What you need is called authorization, and is the process of granting/denying actions usually built on top of an authentication step, which maps HTTP requests to logical users.

The authorization scheme can be implemented in a number of ways, for example with simple role-based rules, where users are grouped exactly for the purpose of assigning rights, or with more complex ACL (access control lists). Both can be adopted at the same time for different parts of the system, depending on your needs.

Whatever scheme you pick, you absolutely need to query it at the beginning of your controllers actions (if applicable, you may and up with a standardized authorization filter in your AppController), because the HTTP request doesn't need to come from a previously sent HTTP page, but could be a (possibly) malicious, hand-craften one. Also, you'll likely need to adjust the UI after the user rights. Maybe you'll better start with a bunch of if statements, and then after some days of work you'll be able to identify your needs and build your libraries/helpers/blocks/whatever to avoid code duplication and easing reading the templates.

0
Скач от On

If you have predefined user permissions (like 'admin', 'moderator', 'editor', 'publisher'...) you can just read the user role and current action in the controller function isAuthorized and set it to true or false.

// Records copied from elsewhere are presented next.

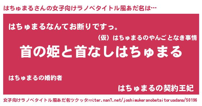 | 意味不明あだ名 | 『自称はちゅまる』『永久保存はちゅまる』 |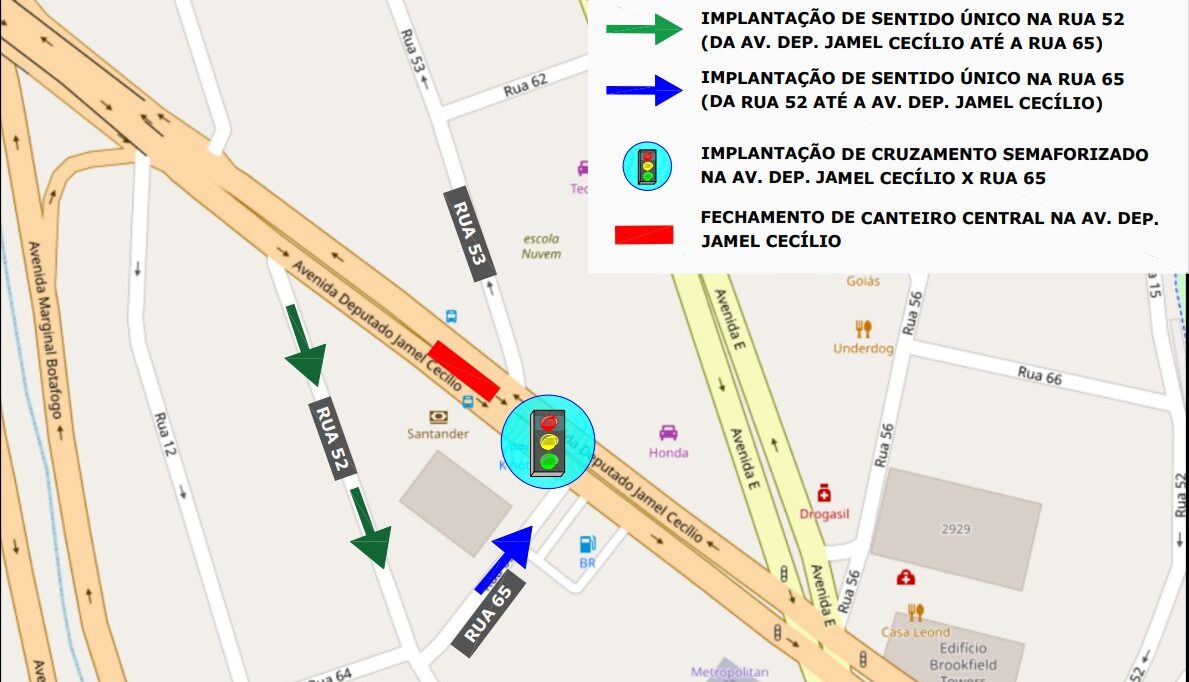 Outra modificação ocorre nas proximidades do Hotel K, onde a Rua 52, antes mão dupla, passa a ter sentido único da Avenida Jamel Cecílio para a Rua 65. Já esta terá o sentido invertido, com fluxo da Rua 52 para a Avenida. Neste ponto também foi implantado um cruzamento semaforizado, permitindo a quem sair da Rua 65 virar à direita ou à esquerda na Jamel Cecílio, além de acessar a quadra oposta pela Rua 53, no sentido sul-norte.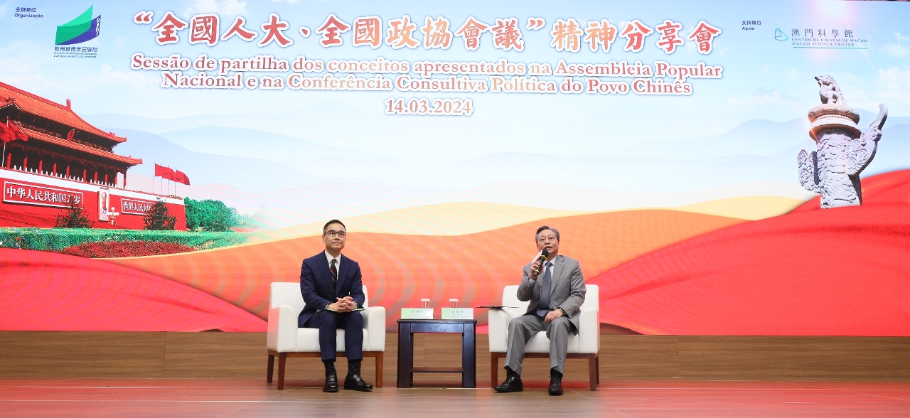 为鼓励青年关心时事,准确认识国家的重大政策及澳门发展的方向,教育及青年发展局于2024年3月14日在澳门科学馆会议中心举行“全国人大、全国政协会议”精神分享会。活动邀请了全国人大常委、澳门特别行政区立法会主席高开贤先生及全国政协常委、澳门特别行政区立法会议员何润生先生担任主讲嘉宾,向青年社团及学校师生介绍本年“人大”和“政协”的会议情况及国家发展的重点政策。分享会现场共吸引了超过300名高校及中学学校代表、团体代表及青年学生参加,同步设线上直播。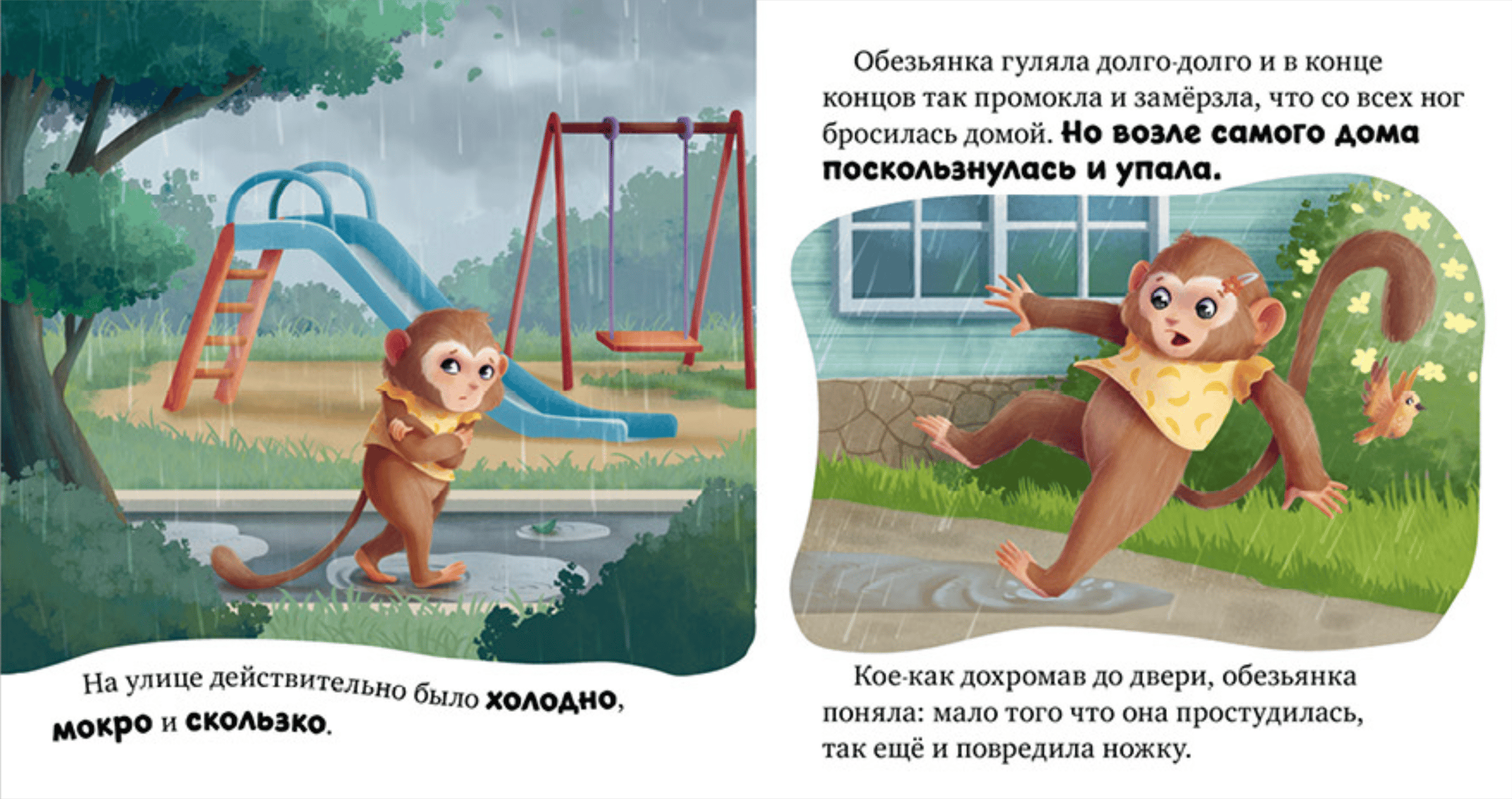 The little monkey was very afraid of doctors and disobeyed her mother. One day, she ran off without asking. It was raining outside, and the monkey became very cold and sick. Will she be able to overcome her fear and go to the hospital?

If you want custom permissions per user, you can store those values in the database, read them in the isAuthorized function and make your logic to determine if you should allow him or not.

My solution to this was a separate table user_permissions that was something like this:

user_id | action

where action would be `controller/action' or 'view/block' or whatever you want to save there.

I would read all values for current user in the controller and if the current controller/action was found in the array, i'd set isAuthorized to true. You can apply your logic to the blocks also.

3
floriank On

It sounds to me like you just want to render some parts of a view based on the permissions of the user. Well, in this case I think a helper is the right choice. The user should already have all the permissions he has loaded - except they're very fine grained and you got thousands of permissions.

Check this AuthHelper, it allows you to check if the user is logged in, for a role or a set of roles in a field. Alternatively implement your own solution to match whatever your permission system is.

Note that the helper relies on passing the user data to the view in a view variable. It can be also configured to read the data from the auth part of the session directly.

Here is the example taken from it's documentation:

if ($this->Auth->isLoggedIn()) {
    echo __('Hello %s!', $this->Auth->user('username'));
}

if ($this->Auth->isMe($record['Record']['user_id']) {
    // or your edit button here
    echo '<h2>' . __('Your records') . '</h2>';
}

if ($this->Auth->hasRole('admin') {
    echo $this->Html->link(__('delete'), array('action' => 'delete'));
}
3
Anubhav On

You can call function of controller from view using

requestAction(string $url, array $options) 

Or you can create your custom Helper which will do this for you!